Today we hosted our first Thanksgiving dinner. Family members drove up from Florida to stay with us for a few days and we had a great meal this afternoon. My favorite part was picking vegetables out of our own garden to cook for the meal. C and I planted our vegetables shortly after moving here, and these two crops reached maturity in time for the feast:

Mustard Greens

Green Beans
I was so excited to pick them out of the garden! We’ve been watching these guys grow in the hard Georgia clay, getting bigger every week despite my infrequent watering. It was really amazing for me to see what creation will yield despite my amateur attempts to help.
On the other hand, it reached my soul in a very deep level to harvest and consume something I grew myself. A fulfilling, deep joy, almost addictive, that makes me look forward to the spring when I can plant in earnest.

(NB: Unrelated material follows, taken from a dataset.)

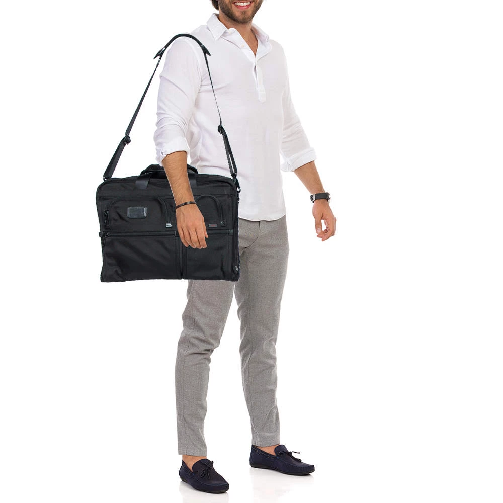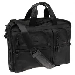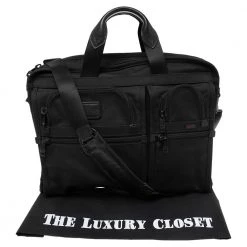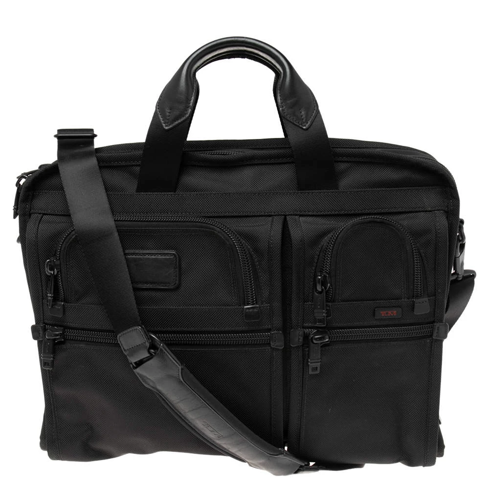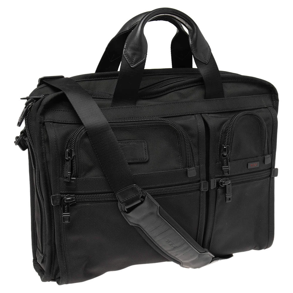 Employing high-grade materials and innovative construction to deliver impeccable products that aim at functional ease, TUMI is a brand travelers can trust. This Alpha Compact laptop briefcase is crafted in nylon and equipped with multiple pockets, a spacious compartment, and black-tone hardware. It is held by two handles and a strap.
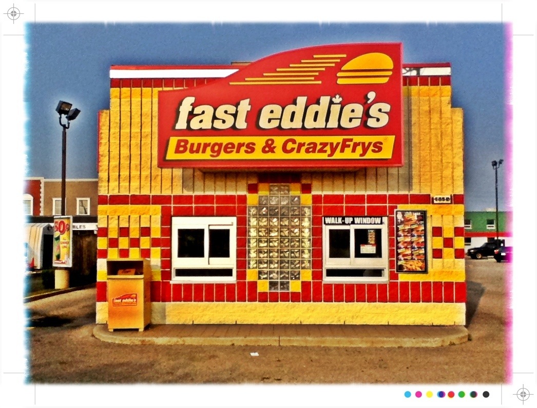 For me it is a diorama, a sliver of a dying car culture — frozen in time. Fast Eddie’s restaurant, a local burger chain with a self conscious branding, is a cultural icon on the strip. Its blistering yellow and red/orange concrete blocks rise from the landscape like a Lego pimple.

Little wonder I feel this way: we’ve been hard-wired since the very beginning to take care of the earth and live close to it.
Genesis 2:15 And the LORD God took the man, and put him into the garden of Eden to dress it and to keep it.
To dress it and to keep it: the Hebrew can be translated “to work in it and to protect it.”
Our work in the dirt is a mirror of God’s free, gracious attention to us dirty humans: he works in us, to improve us and increase our yield, and he protects us from danger.